File "/home/borislav/anaconda3/lib/python3.9/site-packages/pandas/io/excel/_base.py", line 1656, in __init__
  raise ValueError(
ValueError: Excel file format cannot be determined, you must specify an engine manually.

# Your operating system creating temporary lock files

The most common cause of the error is that your operating system creates temporary lock files named ~$your_file_name.xlsx.

If you have the Excel files open in an application, close the application and adjust your code to ignore these files.

main.py

Copied!
import glob
import pandas as pd

for file in glob.glob('./*.xlsx'):
    if '~$' in file:
        continue
    else:
        df = pd.read_excel(
            file,
            engine='openpyxl'
        )

        print(df)

The code for this article is available on GitHub

The code sample assumes that you have an xlsx file located in the same directory as your Python script, e.g. example.xlsx.

example xlsx file

Here is the output of running the python main.py command.

read xlsx files success

We used the in operator to ignore files that contain ~$ and read the other files with the xlsx extension.

# Make sure you have the `openpyxl` module installed

In order to read .xlsx files, you have to set the engine to openpyxl, so make sure you have the module installed.

shell

Copied!
pip install openpyxl pandas
pip3 install openpyxl pandas

python -m pip install openpyxl pandas
python3 -m pip install openpyxl pandas
py -m pip install openpyxl pandas

# 👇️ For Jupyter Notebook
!pip install openpyxl pandas

The openpyxl library is used to read and write Excel 2010 xlsx, xlsm, xltx, xltm files.

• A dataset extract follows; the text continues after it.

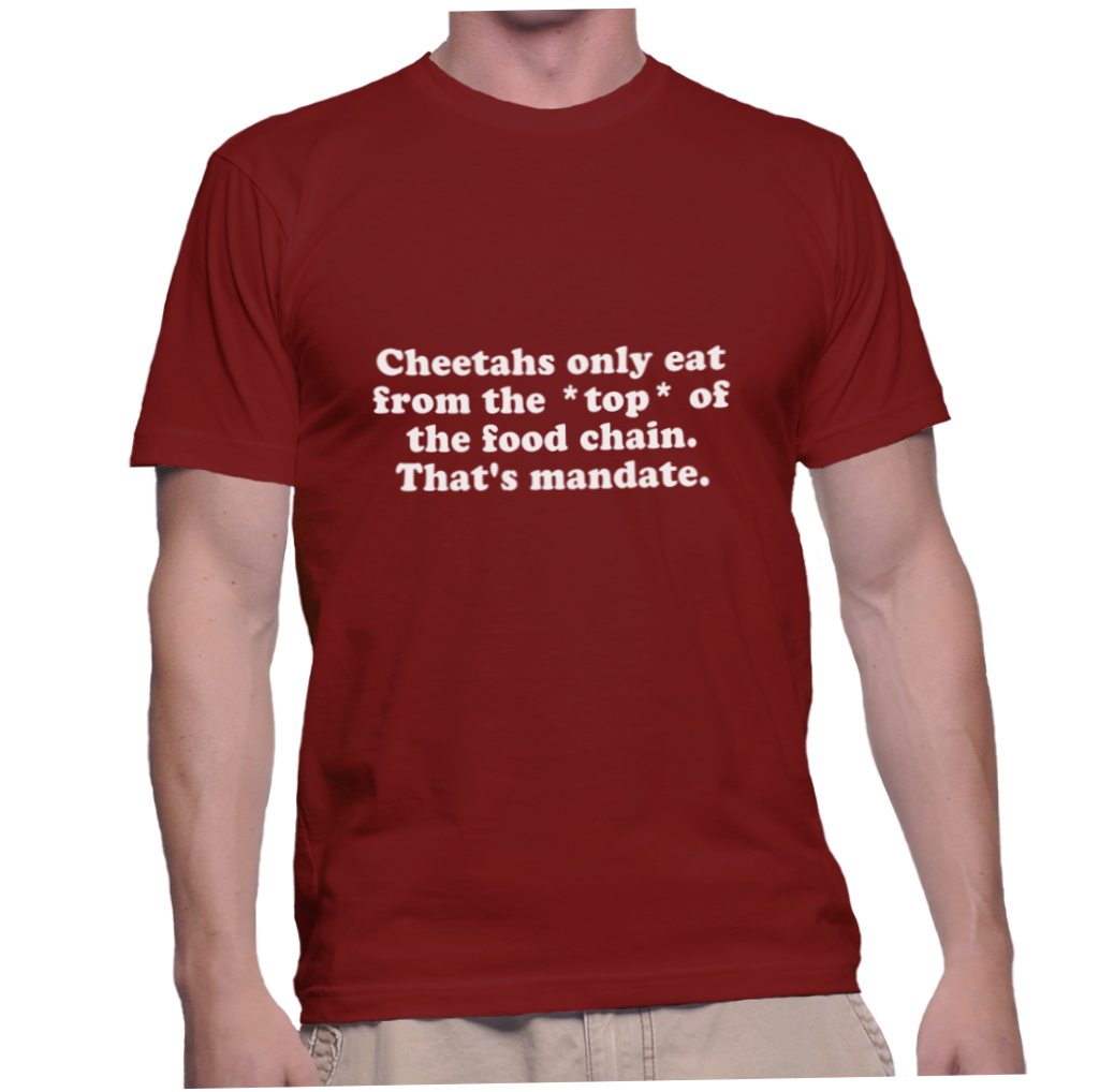/ Cheetahs only eat from the *top* of the food chain. That’s mandate.

# Using `pandas.read_excel` vs `pandas.read_csv`

Another common cause of the error is trying to read a .csv file using the pandas.read_excel method.

You should use the pandas.read_csv method when reading .csv files and the pandas.read_excel method when reading .xlsx and .xls files.

If you try to read a .csv file with the pandas.read_excel() method, the error is raised.

Similarly, if you try to read a .xlsx or .xls file with the pandas.read_csv method, the error is raised.

# Checking for a file's extension before reading it

Here is an example of how to check for a file's extension before reading it.

main.py

Copied!
import pandas as pd


file_name = 'example.xlsx'

if file_name.endswith('.xlsx'):
    df = pd.read_excel(
        file_name,
        engine='openpyxl'
    )
    print(df)
elif file_name.endswith('.xls'):
    df = pd.read_excel(
        file_name,
        engine='xlrd'
    )
    print(df)
elif file_name.endswith('.csv'):
    df = pd.read_csv(file_name)
    print(df)

The code for this article is available on GitHub

The file in the example has a .xlsx extension, so the openpyxl engine is used.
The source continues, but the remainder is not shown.